The three-argument form names the source zone explicitly. The two-argument form falls back to the session time zone for the source.

val df = Seq(
  "2026-01-15 09:30:00",
  "2026-06-21 12:00:00",
  "2026-12-25 18:00:00",
).toDF("source_ts_str")

val df2 = df
  .withColumn("source_ts", to_timestamp(col("source_ts_str")))
  .withColumn("converted", expr("convert_timezone('America/New_York', 'Asia/Tokyo', source_ts)"))

df2.show(false)
// +-------------------+-------------------+-------------------+
// |source_ts_str      |source_ts          |converted          |
// +-------------------+-------------------+-------------------+
// |2026-01-15 09:30:00|2026-01-15 09:30:00|2026-01-15 23:30:00|
// |2026-06-21 12:00:00|2026-06-21 12:00:00|2026-06-22 01:00:00|
// |2026-12-25 18:00:00|2026-12-25 18:00:00|2026-12-26 08:00:00|
// +-------------------+-------------------+-------------------+

January: New York 09:30 (-5) is Tokyo 23:30 (+9) — a +14-hour shift. June: New York 12:00 (-4 EDT) is Tokyo 01:00 the next day (+9) — a +13-hour shift. The difference between the two rows is DST, applied automatically.

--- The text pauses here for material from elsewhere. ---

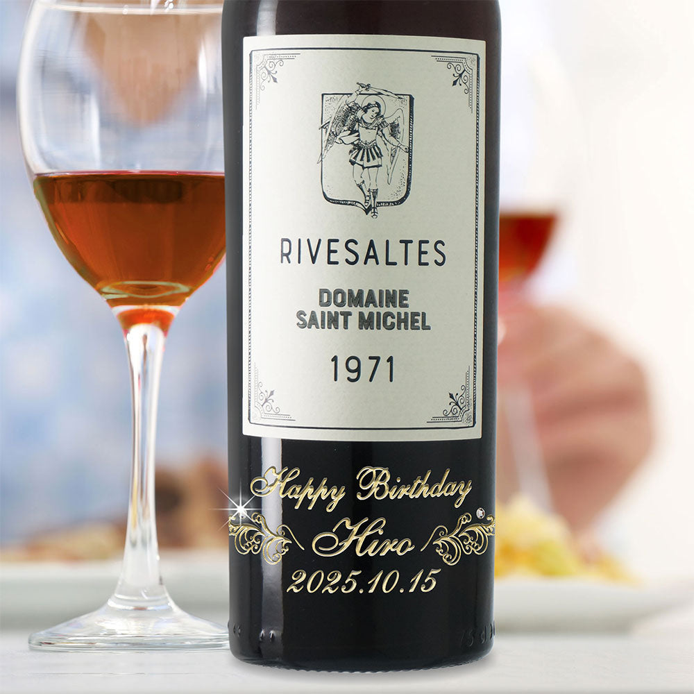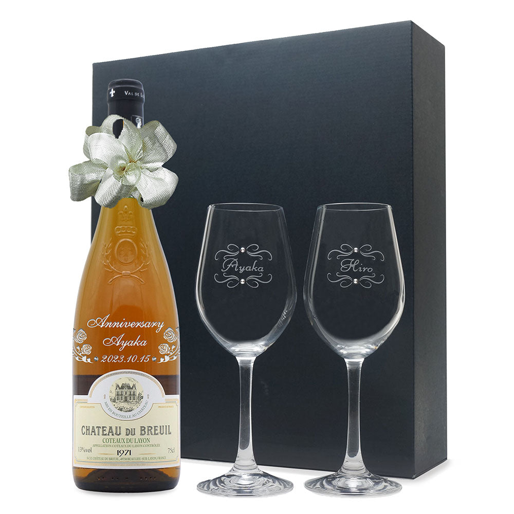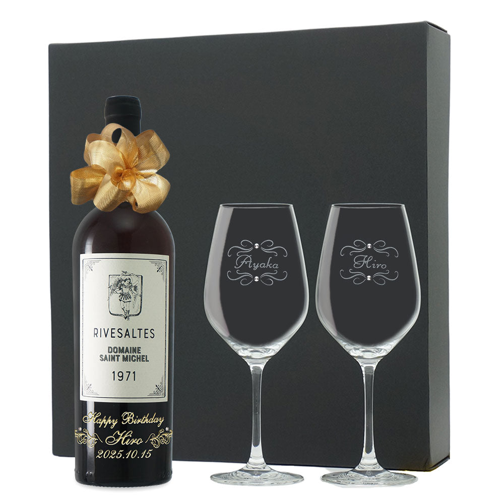 1971年に収穫されたブドウで作られた生まれ年ワインに、名前やメッセージを彫刻し、ペアグラスとともに贈るオーダーメイドギフト。心に残る、感動のプレゼントです。

The two-argument form uses the session time zone as the source, which is convenient when your DataFrame already represents times in the session zone:

val df = Seq(
  "2026-01-15 09:30:00",
  "2026-06-21 12:00:00",
  "2026-12-25 18:00:00",
).toDF("source_ts_str")

val df2 = df
  .withColumn("source_ts", to_timestamp(col("source_ts_str")))
  .withColumn("in_tokyo",  expr("convert_timezone('Asia/Tokyo', source_ts)"))

df2.show(false)
// +-------------------+-------------------+-------------------+
// |source_ts_str      |source_ts          |in_tokyo           |
// +-------------------+-------------------+-------------------+
// |2026-01-15 09:30:00|2026-01-15 09:30:00|2026-01-15 18:30:00|
// |2026-06-21 12:00:00|2026-06-21 12:00:00|2026-06-21 21:00:00|
// |2026-12-25 18:00:00|2026-12-25 18:00:00|2026-12-26 03:00:00|
// +-------------------+-------------------+-------------------+

Since the session zone is UTC here, convert_timezone('Asia/Tokyo', source_ts) shifts each timestamp by +9 hours.

Which function to use

The three functions overlap, but they're not interchangeable:

Use from_utc_timestamp when your column is already in UTC and you want it in a non-UTC zone.
Use to_utc_timestamp when your column is in some other zone and you want it in UTC.
Use convert_timezone for arbitrary zone-to-zone conversions, or when you want a single function that doesn't care which zone is "from" and which is "to".

If you're starting fresh in Spark 3.4 or later, convert_timezone covers all three use cases with one API. from_utc_timestamp and to_utc_timestamp predate it (both have been around since Spark 1.5.0) and are still the right choice if you need to support older Spark versions.